In 2002, SpaceX was just a tiny space startup with a few employees. By November 2005, SpaceX had 160 employees. Fast forward 20 years later, the company has about 10,000 employees and has revolutionized the entire space industry.
As part of its mission to reduce the cost of space travel, SpaceX embarked on a journey of making reusable rockets a reality. On June June 4, 2010, the inaugural launch of a Falcon 9 rocket took place after five launches of a previous vehicle called the Falcon 1.
Then about four years later, on April 18, 2014, SpaceX launched a Falcon 9 rocket for a third resupply mission to the ISS, this time with landing legs, and becomes “the first to successfully perform a controlled ocean splashdown,” according to the MIT Technology Review.
On January 10, 2015, SpaceX made the first attempt to achieve the vertical landing of a Falcon 9 rocket onto a solid surface, in this case, an “autonomous spaceport drone ship” floating in the ocean near the Cape Canaveral launch site, but the launched ended in a crash. But the crash didn’t stop Musk from pressing forward.
In a tweet, Musk said: “Rocket made it to drone spaceport ship, but landed hard. Close, but no cigar this time. Bodes well for the future tho.”
Rocket made it to drone spaceport ship, but landed hard. Close, but no cigar this time. Bodes well for the future tho.
— Elon Musk (@elonmusk) January 10, 2015
But while SpaceX was still trying to achieve a perfect vertical landing, on November 23, 2015: Blue Origin, the private space company founded by Amazon’s Jeff Bezos, successfully launched and landed its New Shepard rocket, making it the first space company to achieve the vertical landing of a rocket—intact and potentially reusable—after sending it into outer space. Bezos told Good Morning America, “You’ve seen a lot of rockets lift off, but you’ve never seen one land.”
Finally, on December 21, 2015, SpaceX successfully landed its Falcon 9 rocket upright for the first time.

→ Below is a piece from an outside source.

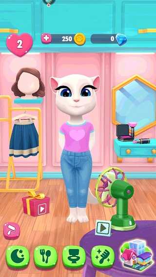 安吉拉也是需要美美的!除了日常的梳毛外,我们可以在化妆间里面,帮助安吉拉涂口红、涂眼影、画眉毛,每个化妆品都有不同的颜色和样式,我们可以打造安吉拉的独特风格。只有你想不到,没有游戏做不到。我们在游戏中可以帮助安吉拉换肤色,换发型,或者换日常的服装,衣服的款式非常多,总有一款你喜欢。

In a tweet, Musk said: “11 satellites deployed to target orbit and Falcon has landed back at Cape Canaveral Welcome back, baby!”
Later in March 2017, SpaceX launched a returned Falcon 9 for the SES-10 satellite. This was the first time a re-launch of a payload-carrying orbital rocket went back to space. The first stage was recovered again, also making it the first landing of a reused orbital class rocket.

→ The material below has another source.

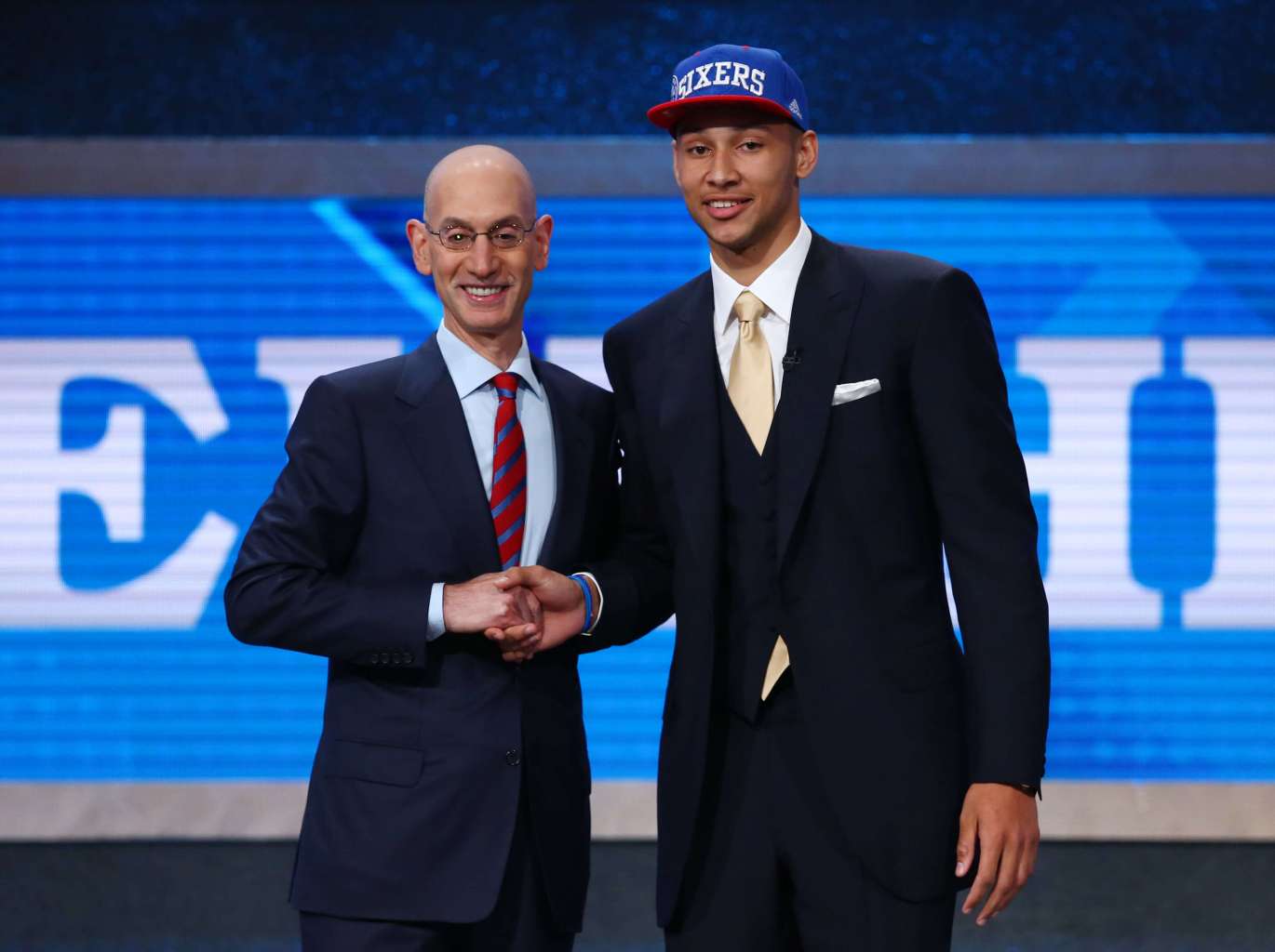 Ben Simmons (right) with NBA commissioner Adam Silver after being selected as the number one overall pick to the Philadelphia 76ers.

Then on May 30, 2020, SpaceX made history after the company successfully carried two NASA astronauts into space from American soil after nearly a decade, making Space X the first commercial company to take humans into space.
To date, SpaceX’s achievements include the first privately funded liquid-propellant rocket to reach orbit (Falcon 1 in 2008), the first private company to successfully launch, orbit, and recover a spacecraft (Dragon in 2010), the first private company to send a spacecraft to the International Space Station (Dragon in 2012), the first propulsive landing for an orbital rocket (Falcon 9 in 2015), the first reuse of an orbital rocket (Falcon 9 in 2017), the first private company to launch an object into orbit around the Sun (Falcon Heavy’s payload of a Tesla Roadster in 2018), and the first private company to send astronauts to the International Space Station (Dragon 2 in 2020).
SpaceX’s Crew Dragon capsule delivered NASA astronauts Bob Behnken and Doug Hurley to the International Space Station in May, marking the first U.S. space capsule to do so with a crew since 2011.